Root Mean Squared Error (RMSE) on test data = 18.3329


In [None]:
# Create a Random Forest Regression model
rfr = RandomForestRegressor(featuresCol="features", labelCol="ArrDelay")

# The different values of the Hyperparameters that the model will be trained with
grid = ParamGridBuilder().addGrid(rfr.maxDepth, [5,10,20,30]).addGrid(rfr.bootstrap, [True, False]).addGrid(rfr.minInfoGain, [0, 0.1]).addGrid(rfr.maxBins, [32,64]).build()

# An evaluator that will measure the performance of the model predicting the target variable is build
evaluator = RegressionEvaluator(
    labelCol="ArrDelay", predictionCol="prediction", metricName="rmse")

# With 5 folds Cross-validation, all the models created by the combination of the different hyperparameters values will be compared
# using the previously build evaluator
cv = CrossValidator(estimator=rfr, estimatorParamMaps=grid, evaluator=evaluator, numFolds=5, parallelism=6)

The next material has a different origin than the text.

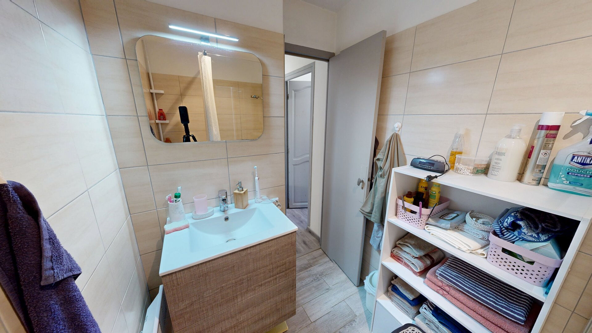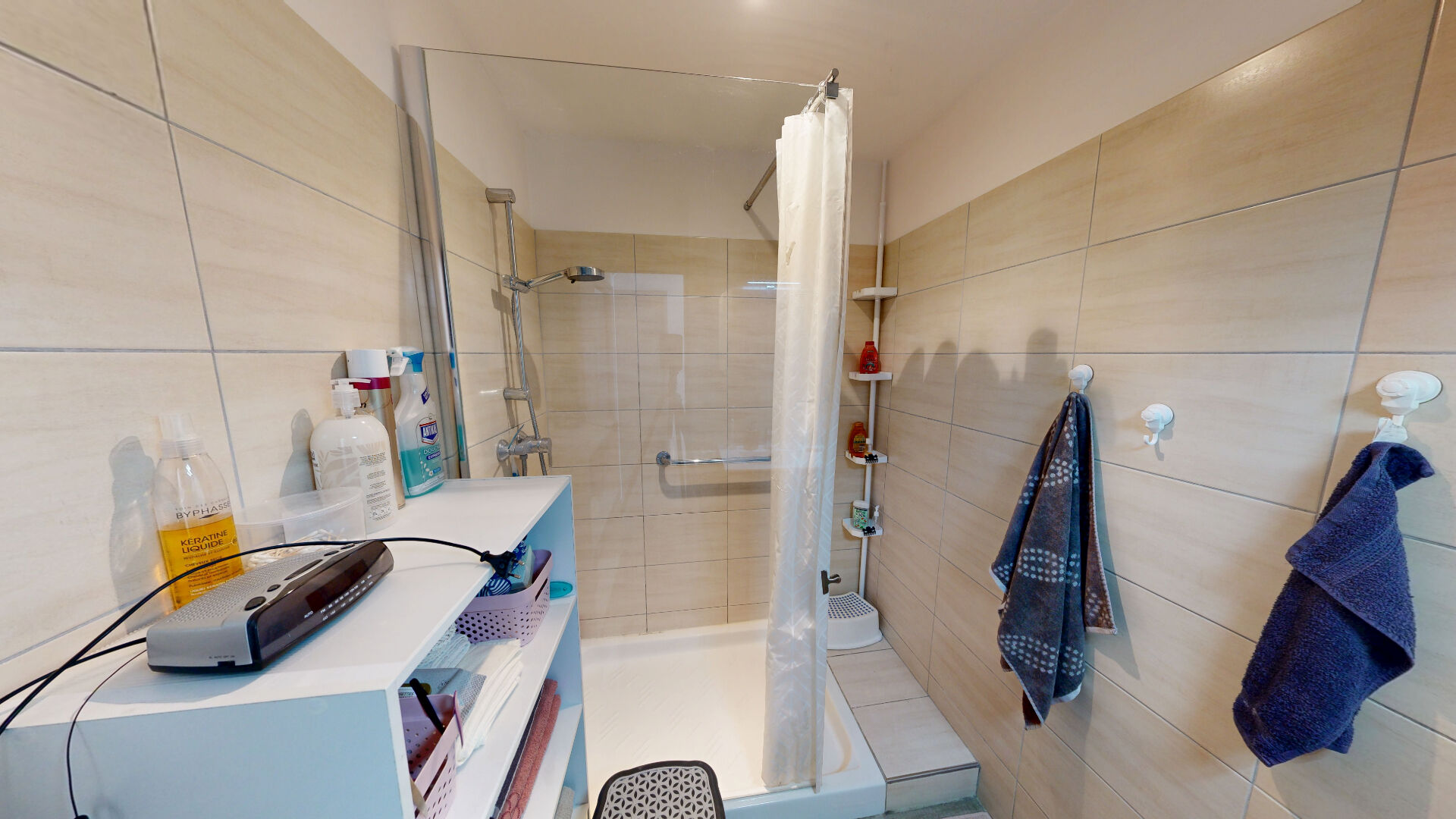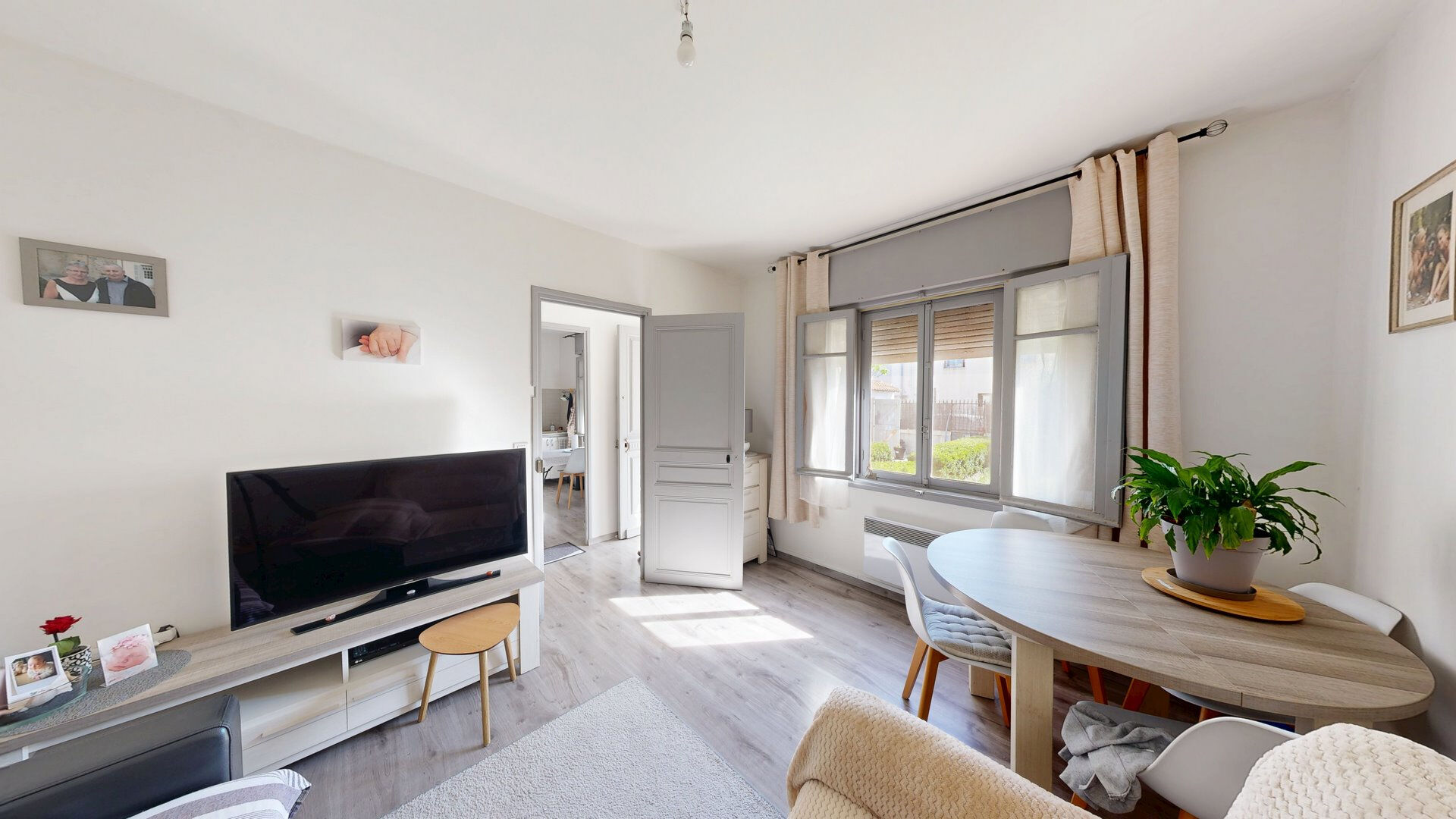Dès l'entrée, vous accédez à un salon lumineux, ainsi qu'à une cuisine indépendante de 10,84 m². Un couloir dessert ensuite deux chambres confortables (9,84 m² avec placard et 10,94 m²), un espace dressing/débarras, un WC indépendant et une salle d'eau entièrement rénovée.

# Introduced the features columns in the training and test data
transformed = assembler.transform(training)
testT = assembler.transform(test)

# Trains the model with the transformed training data
cvModel = cv.fit(transformed)
print(cvModel.bestModel)

# The best model hyperparameters are printed
paramMap = cvModel.bestModel.extractParamMap()
for param, value in paramMap.items():
    print(f"{param.name}: {value}")
print(cvModel.avgMetrics)

# The best model is evaluated with the test data. 
rmse = evaluator.evaluate(cvModel.transform(testT))
print("Root Mean Squared Error (RMSE) on test data = %g" % rmse)

# To save the model
# cvModel.save(path="./best_model")

25/01/11 11:43:40 WARN DAGScheduler: Broadcasting large task binary with size 1282.3 KiB
25/01/11 11:43:40 WARN DAGScheduler: Broadcasting large task binary with size 1282.3 KiB
25/01/11 11:43:40 WARN DAGScheduler: Broadcasting large task binary with size 1229.2 KiB
25/01/11 11:43:40 WARN DAGScheduler: Broadcasting large task binary with size 1229.2 KiB
25/01/11 11:43:41 WARN DAGScheduler: Broadcasting large task binary with size 2.0 MiB
25/01/11 11:43:41 WARN DAGScheduler: Broadcasting large task binary with size 2.0 MiB
25/01/11 11:43:41 WARN DAGScheduler: Broadcasting large task binary with size 1374.2 KiB
25/01/11 11:43:41 WARN DAGScheduler: Broadcasting large task binary with size 1960.6 KiB
25/01/11 11:43:41 WARN DAGScheduler: Broadcasting large task binary with size 1960.6 KiB
25/01/11 11:43:42 WARN DAGScheduler: Broadcasting large task binary with size 1340.9 KiB
25/01/11 11:43:42 WARN DAGScheduler: Broadcasting large task binary with size 2.2 MiB
25/01/11 11:43:43 WARN DAGSche

RandomForestRegressionModel: uid=RandomForestRegressor_439dc33ce190, numTrees=20, numFeatures=12
bootstrap: False
cacheNodeIds: False
checkpointInterval: 10
featureSubsetStrategy: auto
featuresCol: features
impurity: variance
labelCol: ArrDelay
leafCol: 
maxBins: 64
maxDepth: 10
maxMemoryInMB: 256
minInfoGain: 0.0
minInstancesPerNode: 1
minWeightFractionPerNode: 0.0
numTrees: 20
predictionCol: prediction
seed: 5744811048762193986
subsamplingRate: 1.0
[np.float64(23.20031378978206), np.float64(22.611630917430222), np.float64(23.20031378978206), np.float64(22.611630917430222), np.float64(22.984514905586472), np.float64(22.628801399729156), np.float64(22.984514905586472), np.float64(22.628801399729156), np.float64(20.69843615245997), np.float64(19.67051731803977), np.float64(20.699490288167635), np.float64(19.674816622124855), np.float64(20.496954794137743), np.float64(19.60807058454845), np.float64(20.496949855069857), np.float64(19.637622754152055), np.float64(20.830288049740094), np.fl

In [None]:
# Create a  Gradient-Boosted Trees Regression model
gbtr = GBTRegressor(featuresCol="features", labelCol="ArrDelay")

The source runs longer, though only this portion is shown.